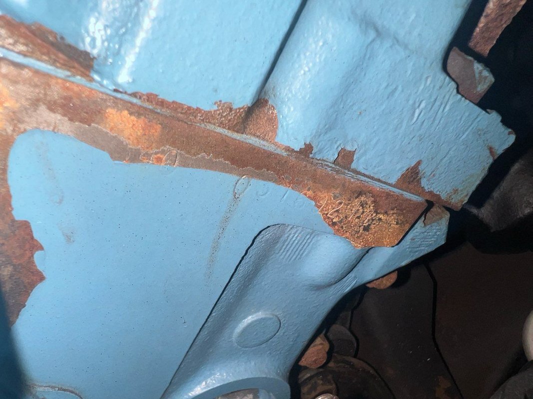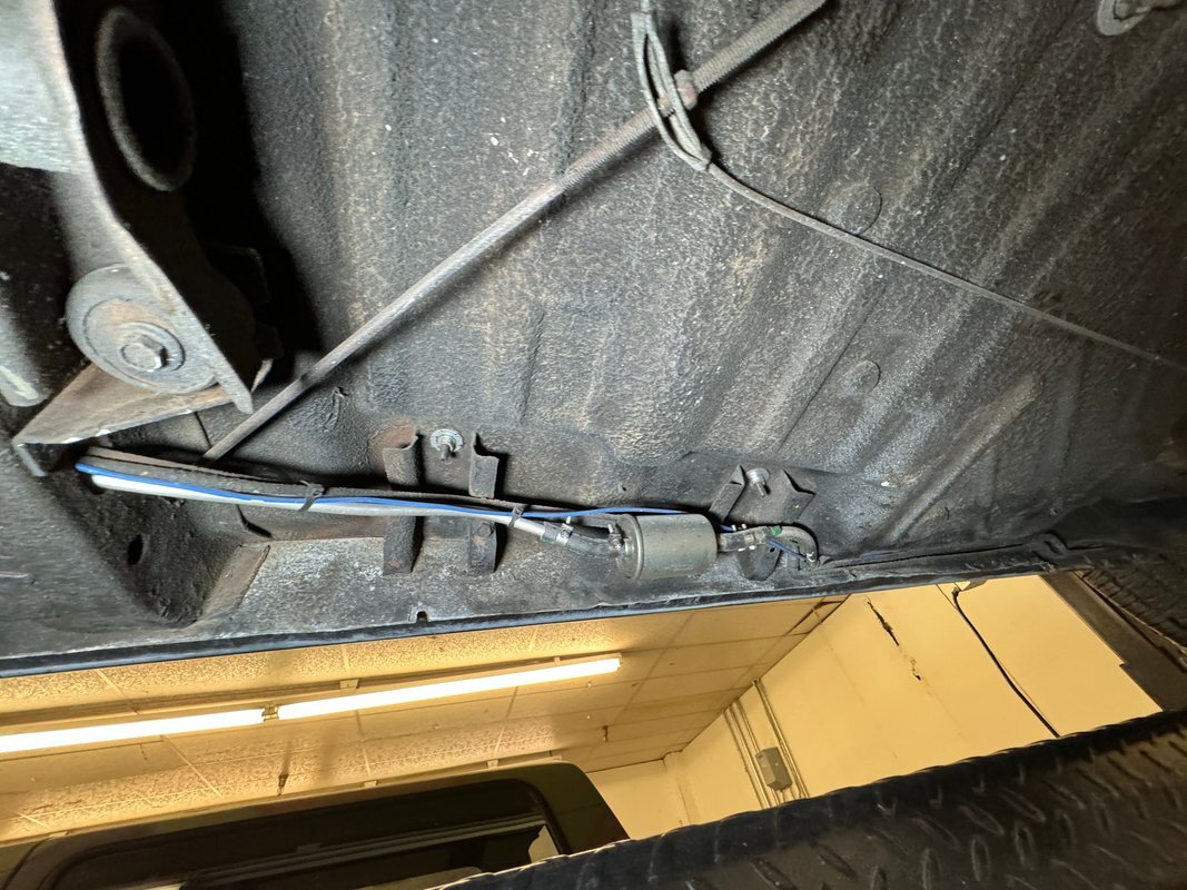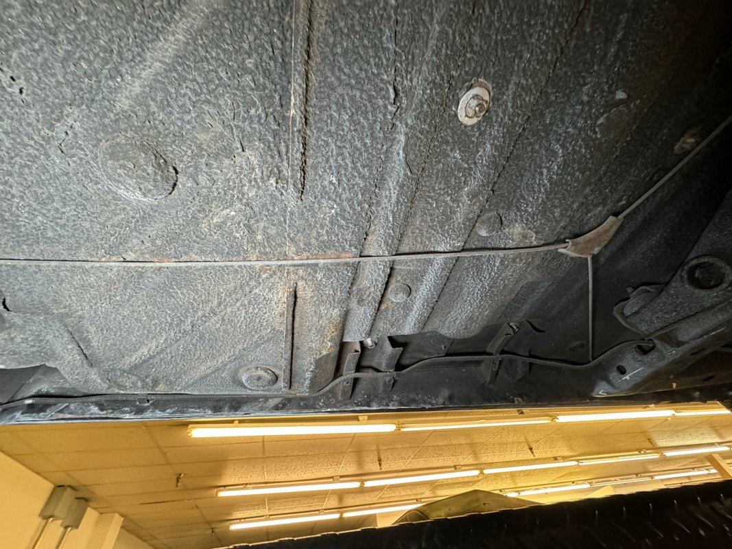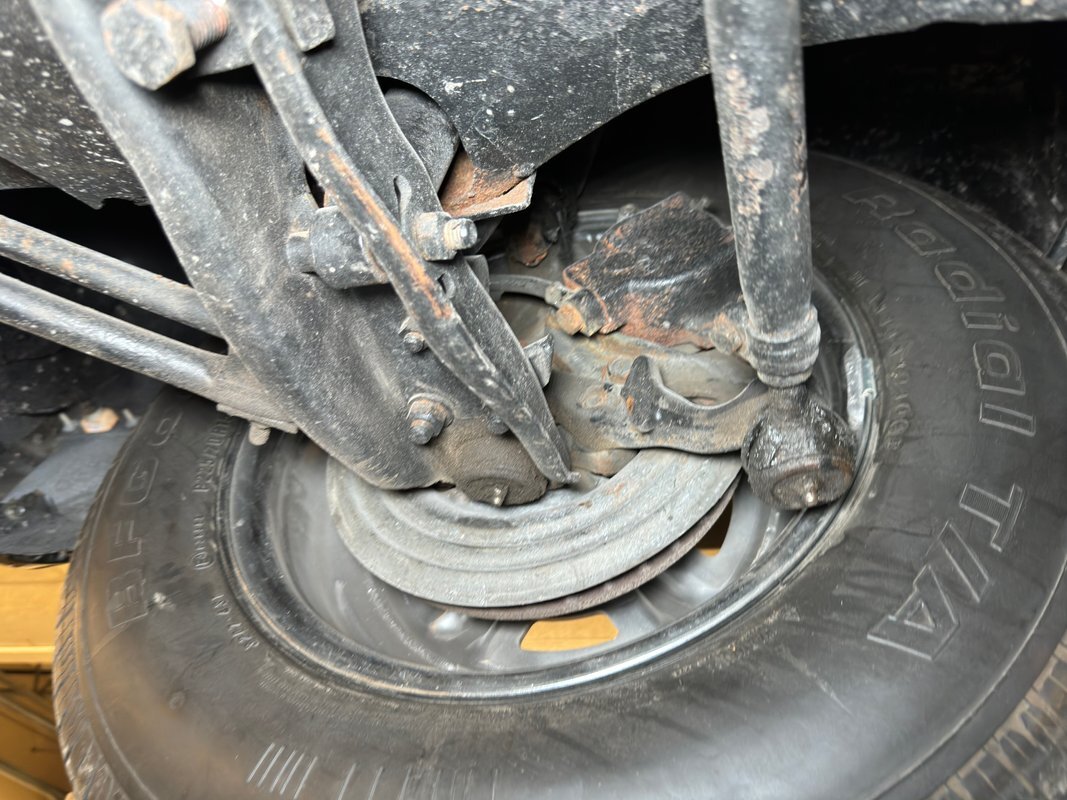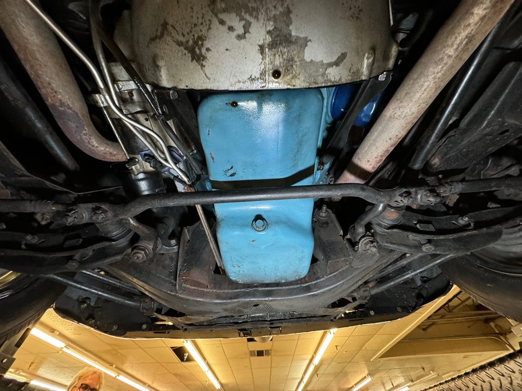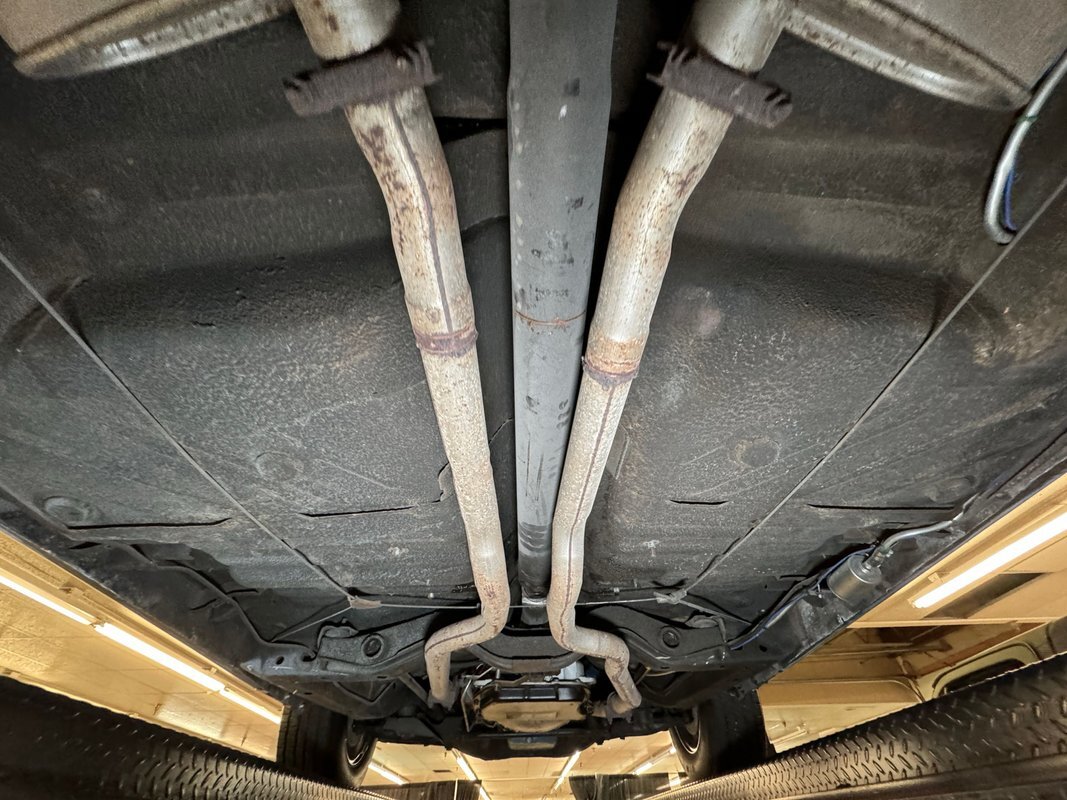 The underside is clean and dry, relatively driver quality, with only a few incidences of surface rust and no errant fluids or grease build up to be found. The dual exhaust meets stock style mufflers before bellowing to the outside via chrome tips. Torsion bar suspension is found up front and leaf springs in back.
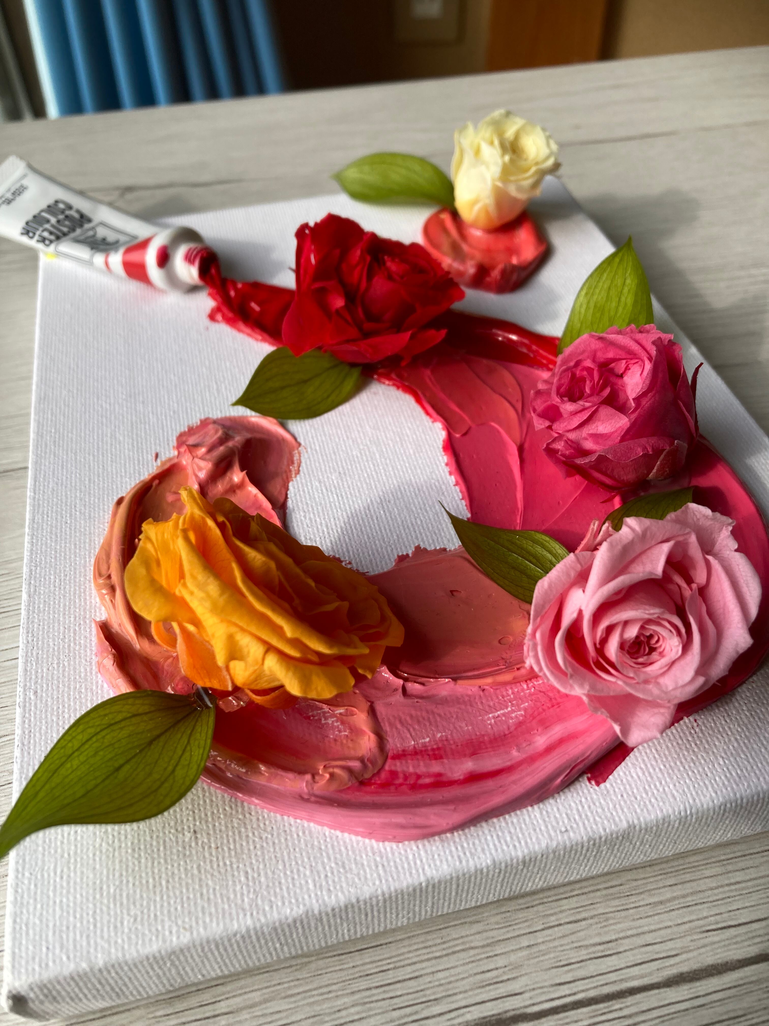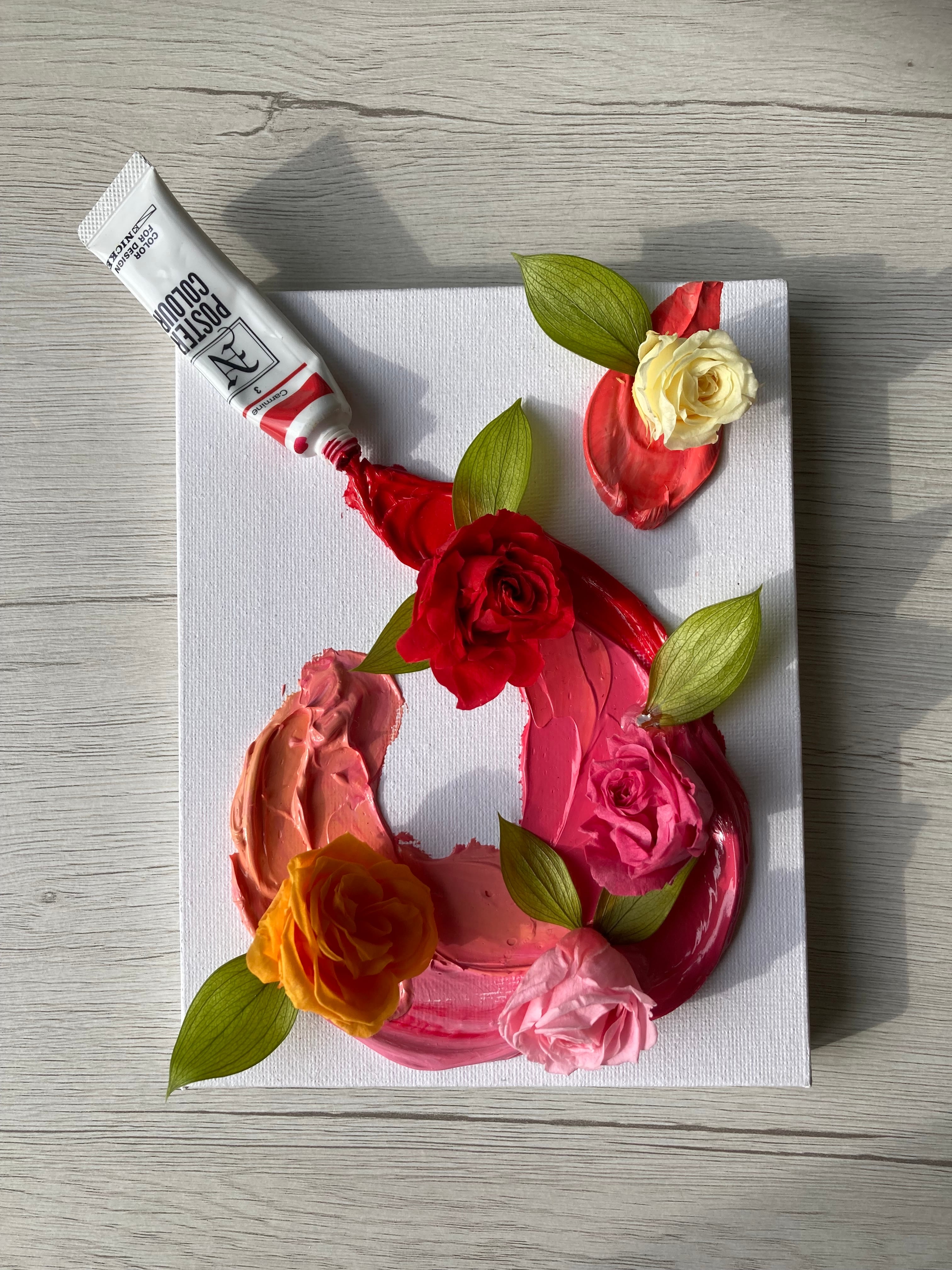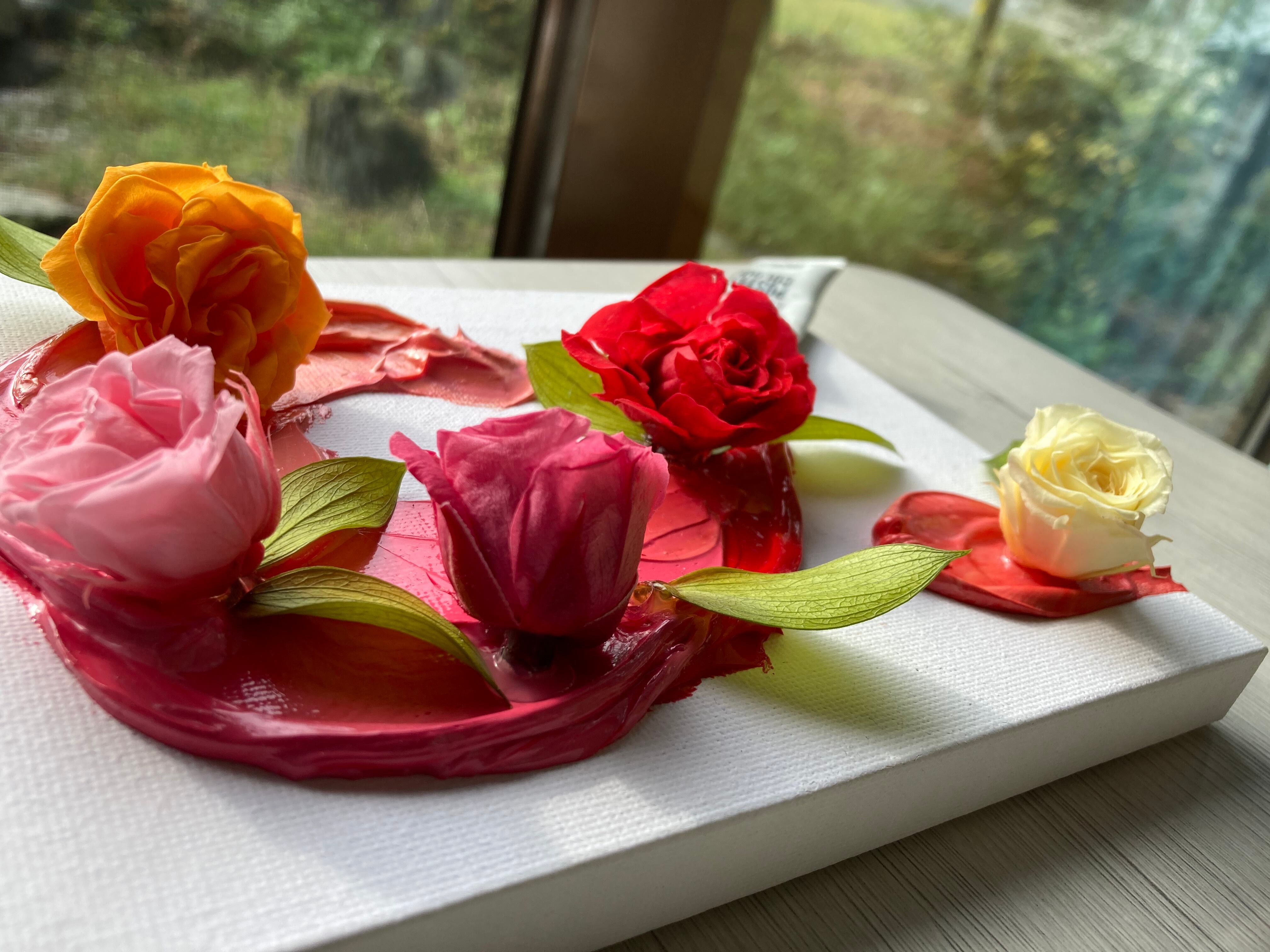 使い切った絵の具からの発想が美しさと楽しさを感じさせます。
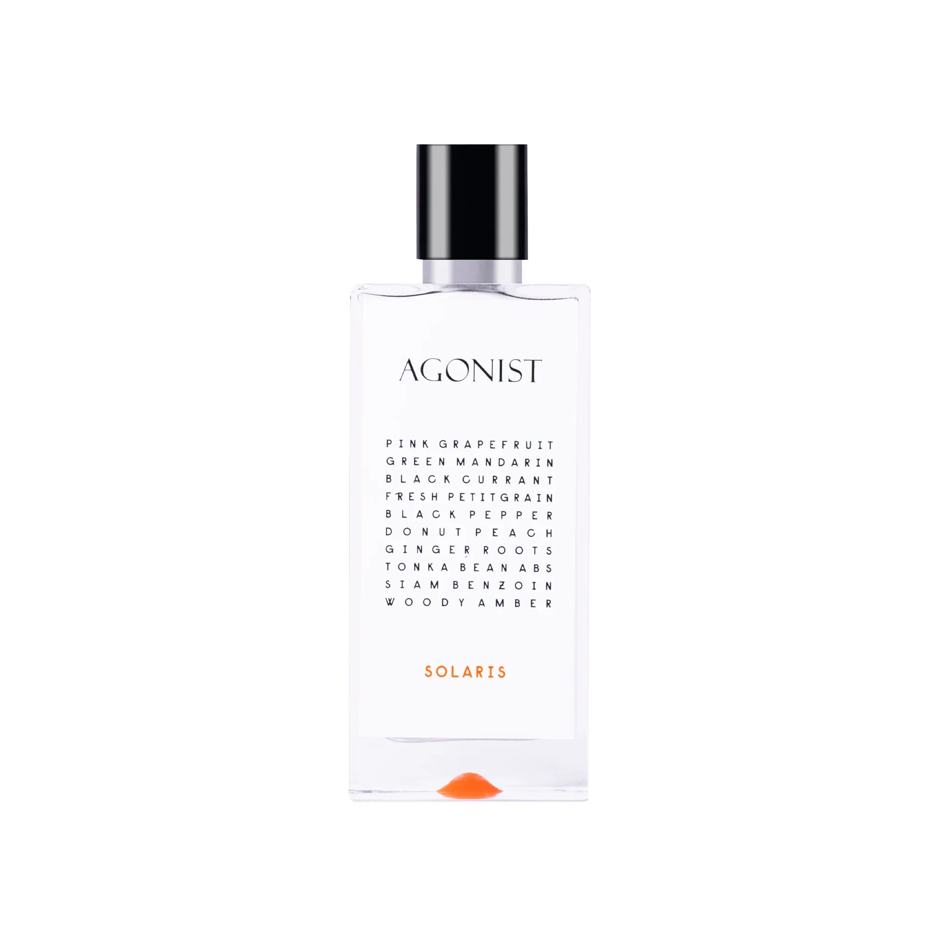 Agonist — Solaris is a radiant citrus-aromatic that captures sun-struck horizons and sparkling sea air. It opens in a burst of light—juicy tangerine and pink grapefruit with black currant bite, bright lemon, and a green shimmer of petitgrain. The heart turns breezy and playful: velvety peach drifts over crisp marine nuances, while galbanum, ginger, and black pepper add fresh, aromatic lift. As it settles, warmth gathers—ambered resins and tonka glow over earthy patchouli and a saline touch of ambergris—leaving a luminous, feel-good trail.
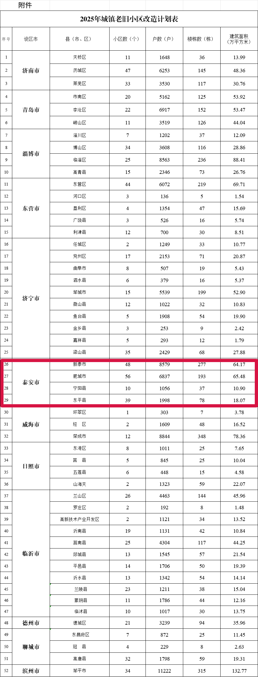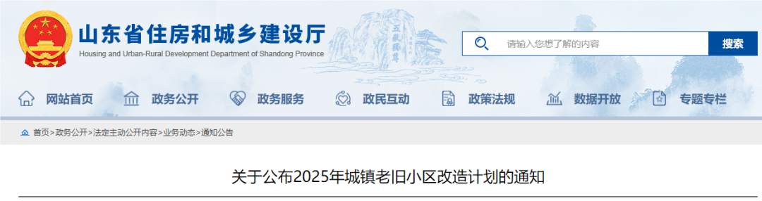 近日,山东省住房和城乡建设厅网站发布关于公布2025年城镇老旧小区改造计划的通知,详情如下:
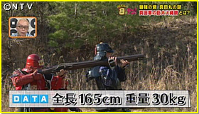 さらに!当時の戦いの様子を描いた「大坂冬の陣図屏風」には、恐るべき真田軍のスーパー兵器が描かれていました。徳川軍に鉄砲で攻撃する兵士の中に、3人がかりで撃つ兵士の姿がこの兵士たちが使っていたのは、「狭間筒」という城を守るときに使う鉄砲。澤田さんによると、20発の弾を同時に撃てる散弾(さんだん)銃(じゅう)のようなもので、一度に5、6人の兵を倒したといいます。全長165cm、重さ30kgもある巨大な銃で、バズーカのように前半分を支えて撃ちます。今回特別に、空砲で撃ってもらうと、とんでもない破壊力があったことが想像できます。
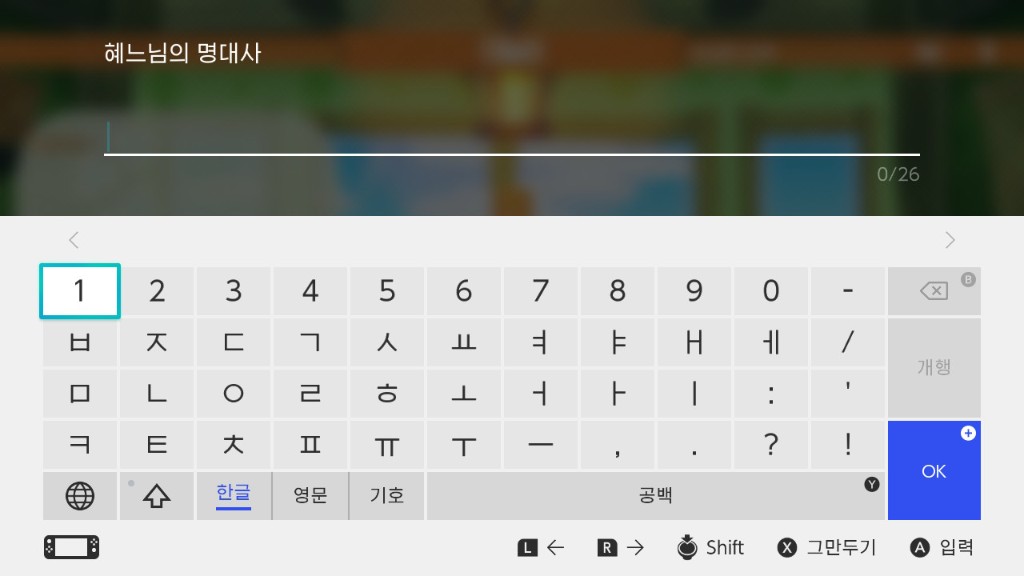 그러니 한글로 스위치 본체에 잘 불러와 지길래 되겠다 했지만, 막상 게임에서는 한글이 깨져 보이더라.
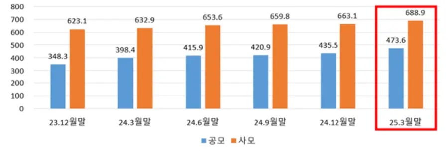 자금 모집 유형별로는 공모펀드의 순자산총액이 473조6000억원, 사모펀드는 688조9000억원으로 집계됐다.

What is being asked:
The answer consists solely of the lines from the one holding "그러니 한글로 스위치" through the final line of the records, both ends included, each duplicated exactly. Leave images out.

Exercise answer:
 그러니 한글로 스위치 본체에 잘 불러와 지길래 되겠다 했지만, 막상 게임에서는 한글이 깨져 보이더라.
 자금 모집 유형별로는 공모펀드의 순자산총액이 473조6000억원, 사모펀드는 688조9000억원으로 집계됐다.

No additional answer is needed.